Downtime caused by server component failures can be significantly reduced by adding redundancy at the component level. Examples include redundant power and cooling, error-correcting code memory (ECC memory) with the ability to correct single-bit memory errors, and combining Ethernet cards with RAID.

Step #2: Get rid of storage failures with storage device redundancy and RAID

Storage protection relies on device redundancy, combined with RAID storage algorithms to protect data access and data integrity from hardware failures. There are distinct issues for both local disk storage and for shared, network storage. For local storage, it is quite easy to add extra disks configured with RAID protection. A second disk controller is also required if you want to protect against controller failures.

Access to shared storage relies on either a Fibre Channel or Ethernet storage network. To assure uninterrupted access to shared storage, these networks must be designed to eliminate all single points of failure. This requires redundancy of network paths, network switches and network connections to each storage array.

Step #3: Prevent network failures with redundant network paths, switches and routers

The network infrastructure itself must be fault-tolerant, consisting of redundant network paths, switches, routers and other network elements. Server connections can also be duplicated to eliminate failovers caused by the failure of a single server or network component. Take care to ensure that the physical network hardware does not share common components. For example, dual-ported network cards share common hardware logic and a single card failure can disable both ports. Full redundancy requires either two separate adapters or the combination of a built-in network port along with a separate network adapter.

Step #4: Forget site failures with data replication to another site

Site failures can range from an air conditioning failure, a leaking roof that affects a single building, a power failure that affects a limited local area, or a major hurricane that affects a large geographic area. Site disruptions can last anywhere from a few hours to days-or even weeks.

There are two methods for dealing with site disasters. One method is to tightly couple redundant servers across high speed/low latency links to provide zero data loss and zero downtime. The other method is to loosely couple redundant servers over medium speed/higher latency/greater distance lines to provide a Disaster Recovery (DR) capability where a remote server can be restarted with a copy of the application database, which only misses the last few updates. In the latter case, asynchronous data replication is used to keep a backup copy of the data.

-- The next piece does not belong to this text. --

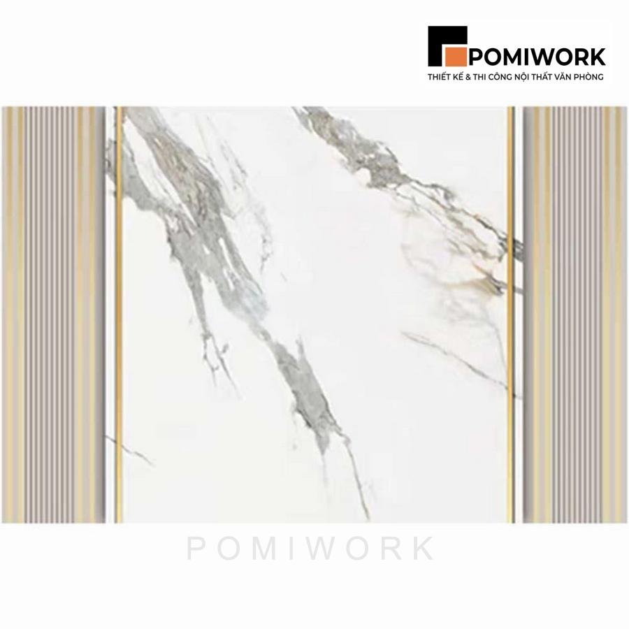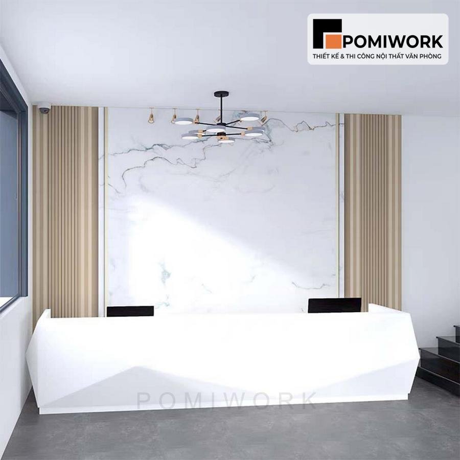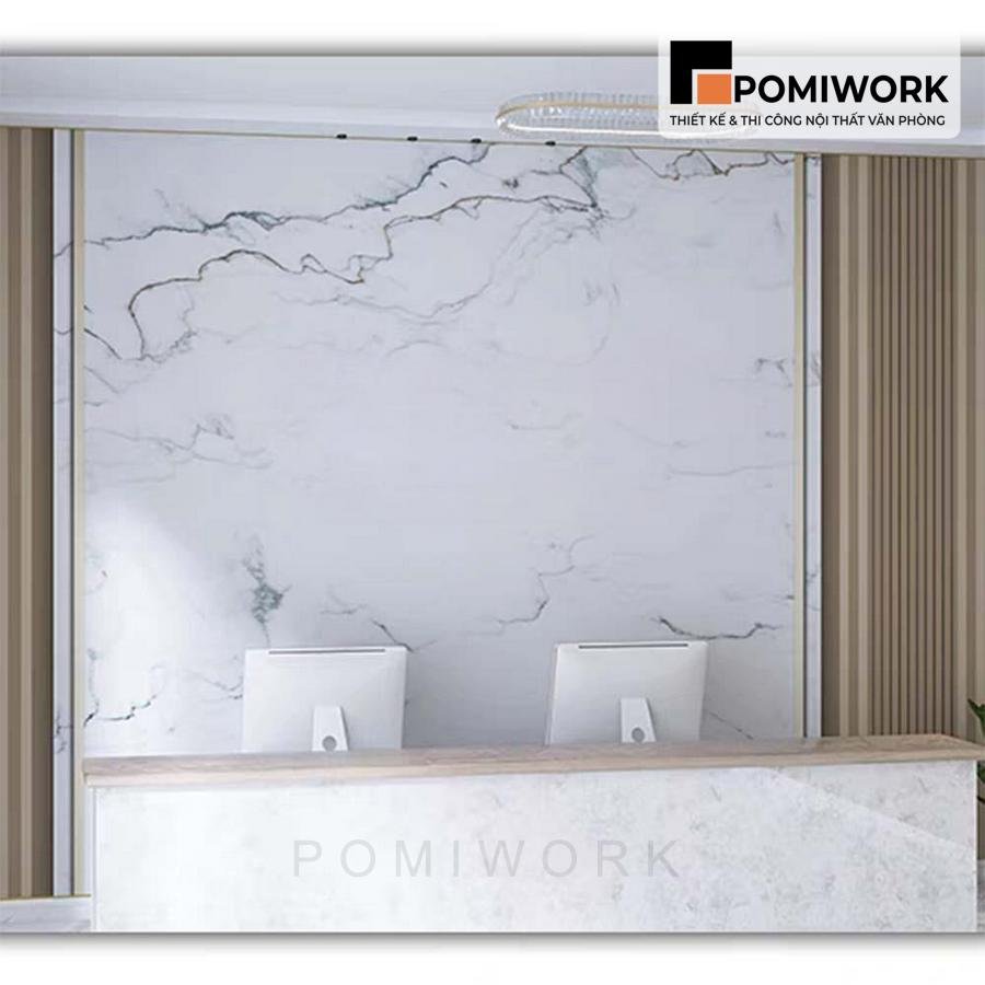 Vách ốp tường đá vân mây – Thiết kế sang trọng cho quầy lễ tân văn phòng

Data replication is combined with error detection and failover tools to help get a DR site up and running in minutes or hours, rather than days.

Step #5: Consider virtualizing Exchange for better high availability

The latest server virtualization technologies, while not required for protecting Exchange, do offer some unique benefits that can make Exchange protection both easier and more effective. Virtualization makes it very easy to set up evaluation test and development environments without the need for additional dedicated hardware. Virtualization also allows resources to be adjusted dynamically to accommodate growth or peak loads.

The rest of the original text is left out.